EXERCISE:
Transcribe each entry in full, and leave the images out.

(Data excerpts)
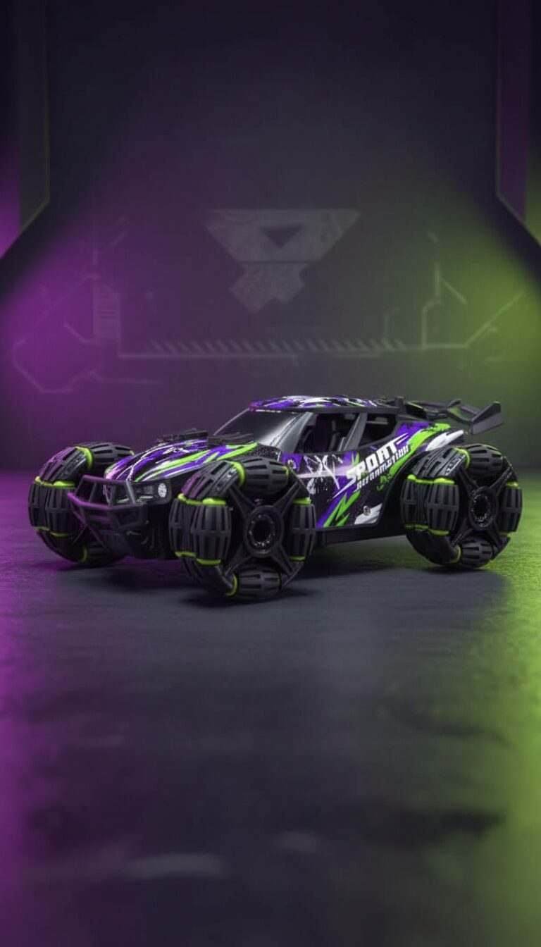 Préparez-vous à redéfinir le jeu avec notre voiture télécommandée Stunt, une véritable démonstration de maîtrise technologique et de design audacieux. Conçue pour les amateurs de sensations fortes, cette voiture n’est pas un simple jouet, c’est une expérience de pilotage immersive. Le secret de sa performance réside dans ses roues Mecanum révolutionnaires, qui lui permettent d’exécuter des figures que vous pensiez impossibles : drifts latéraux fluides, rotations complètes à 360° sur place et une agilité incomparable sur toutes les surfaces. Son design agressif, accentué par des graphismes violets et verts électriques sur une carrosserie noire, ne manquera pas de faire tourner les têtes. Que ce soit sur le bitume, le carrelage ou la terre battue, elle domine le terrain avec une facilité déconcertante. Idéale pour les enfants comme pour les adultes, c’est le cadeau parfait pour des heures d’amusement et de défis. Prenez les commandes et libérez la puissance du drift ultime !
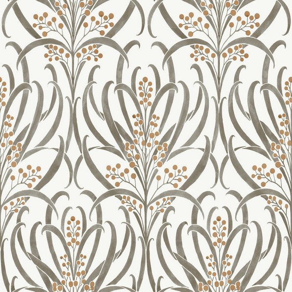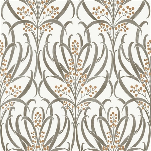 Pattern Name:White & Taupe Calluna Leaf Wallpaper
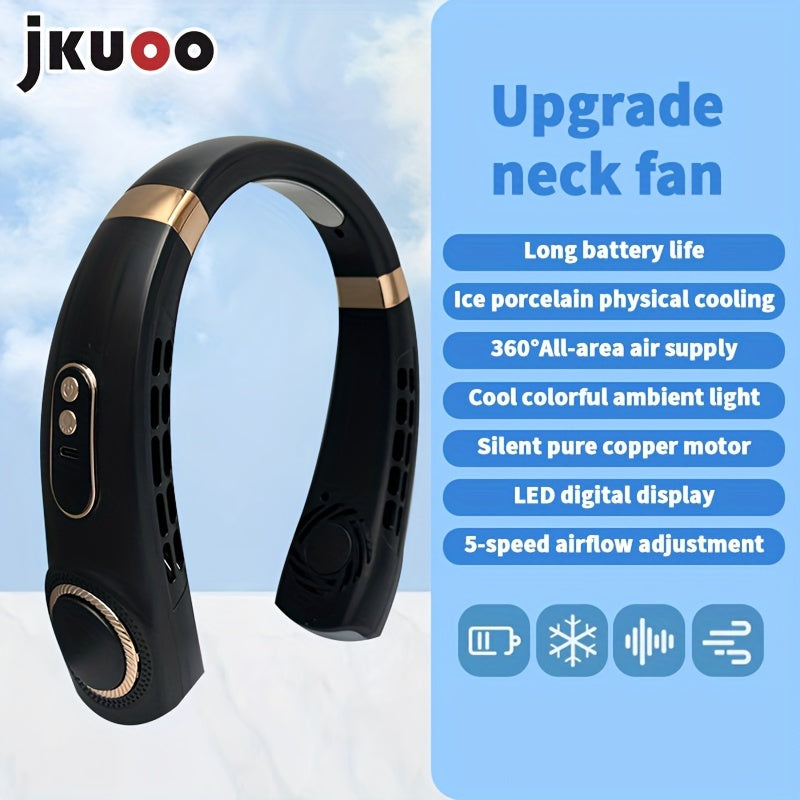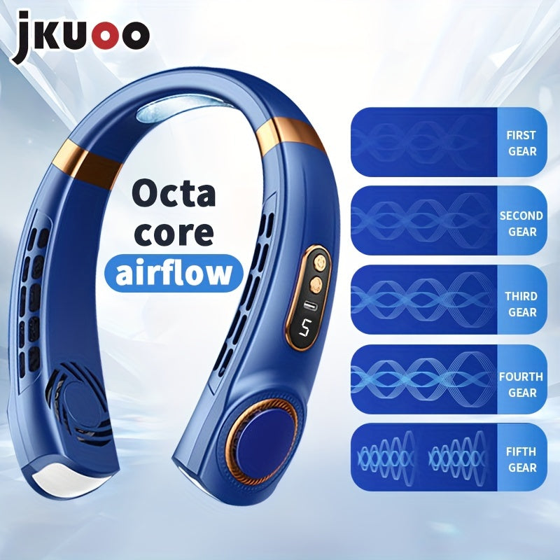 Portable Neck Fan 5-Speed Adjustable USB Rechargeable for Sports Travel Summer
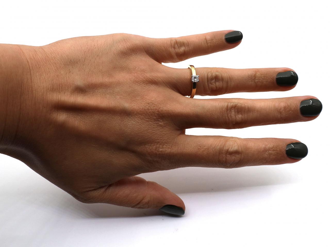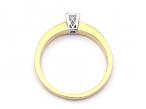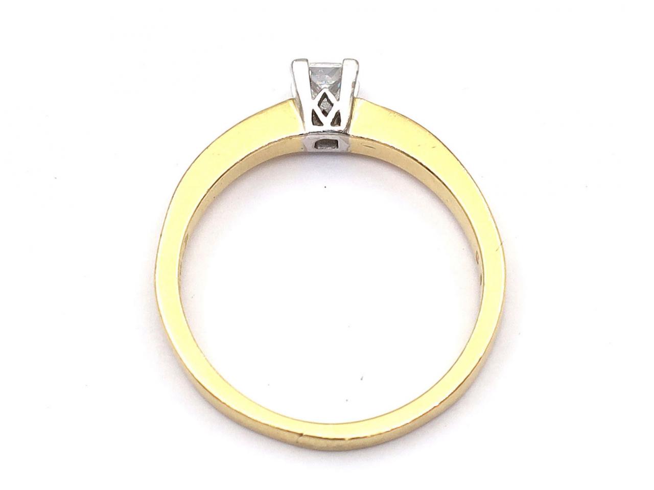 0.23ct square princess cut diamond solitaire in 18kt yellow gold. Set with a square brilliant cut diamond in a raised four claw setting, to a solitaire design with a pierced open decorative collet and met to either side with square shoulders which curve to a solid shank. Numbered '6977'. Hallmarked 18kt gold.
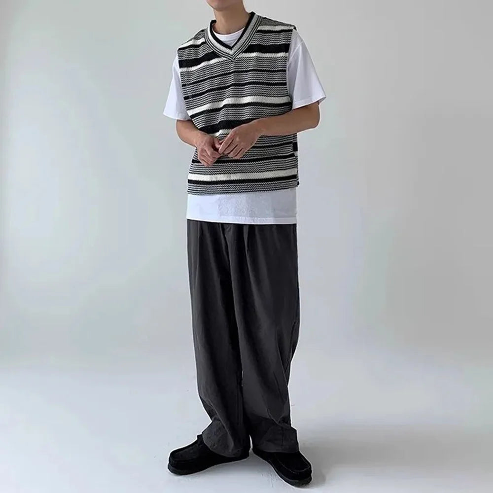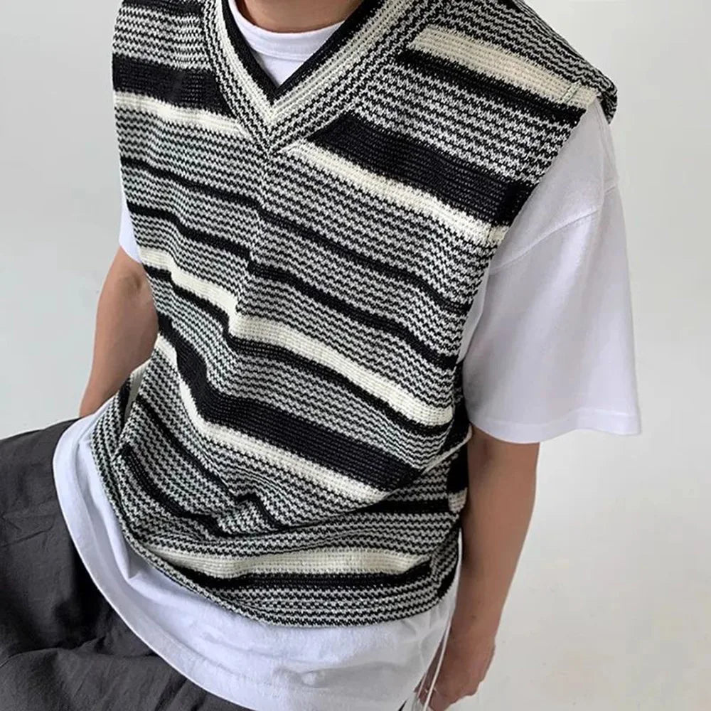 Bonsir Mens Vest Contrast Stripes Casual Knitted Tank Top Summer Streetwear Versatile Beach British Elegant Vest Men'S Clothing
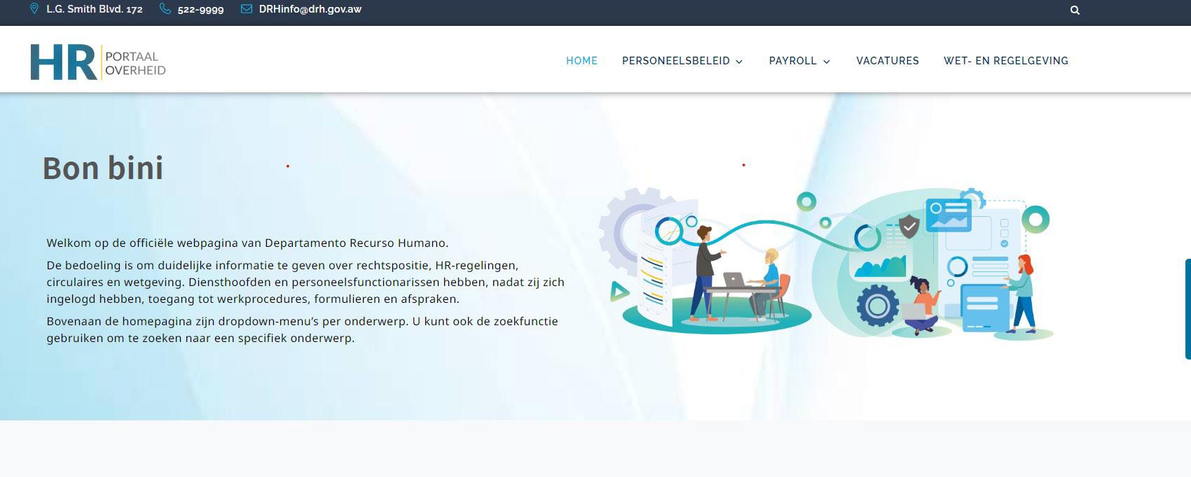 Departamento Recurso Humano (DRH) ta lansa entrante 14 december 2022 e website “HR-portaal” cu ta contene informacion di e maneho di recurso humano di Pais Aruba. E intencion ta pa tur empleado publico tin acceso directo na informacion cu ta regarda nan posicion huridico trahando pa Pais Aruba.

RESPONSE TO THE TASK:
 Préparez-vous à redéfinir le jeu avec notre voiture télécommandée Stunt, une véritable démonstration de maîtrise technologique et de design audacieux. Conçue pour les amateurs de sensations fortes, cette voiture n’est pas un simple jouet, c’est une expérience de pilotage immersive. Le secret de sa performance réside dans ses roues Mecanum révolutionnaires, qui lui permettent d’exécuter des figures que vous pensiez impossibles : drifts latéraux fluides, rotations complètes à 360° sur place et une agilité incomparable sur toutes les surfaces. Son design agressif, accentué par des graphismes violets et verts électriques sur une carrosserie noire, ne manquera pas de faire tourner les têtes. Que ce soit sur le bitume, le carrelage ou la terre battue, elle domine le terrain avec une facilité déconcertante. Idéale pour les enfants comme pour les adultes, c’est le cadeau parfait pour des heures d’amusement et de défis. Prenez les commandes et libérez la puissance du drift ultime !
 Pattern Name:White & Taupe Calluna Leaf Wallpaper
 Portable Neck Fan 5-Speed Adjustable USB Rechargeable for Sports Travel Summer
 0.23ct square princess cut diamond solitaire in 18kt yellow gold. Set with a square brilliant cut diamond in a raised four claw setting, to a solitaire design with a pierced open decorative collet and met to either side with square shoulders which curve to a solid shank. Numbered '6977'. Hallmarked 18kt gold.
 Bonsir Mens Vest Contrast Stripes Casual Knitted Tank Top Summer Streetwear Versatile Beach British Elegant Vest Men'S Clothing
 Departamento Recurso Humano (DRH) ta lansa entrante 14 december 2022 e website “HR-portaal” cu ta contene informacion di e maneho di recurso humano di Pais Aruba. E intencion ta pa tur empleado publico tin acceso directo na informacion cu ta regarda nan posicion huridico trahando pa Pais Aruba.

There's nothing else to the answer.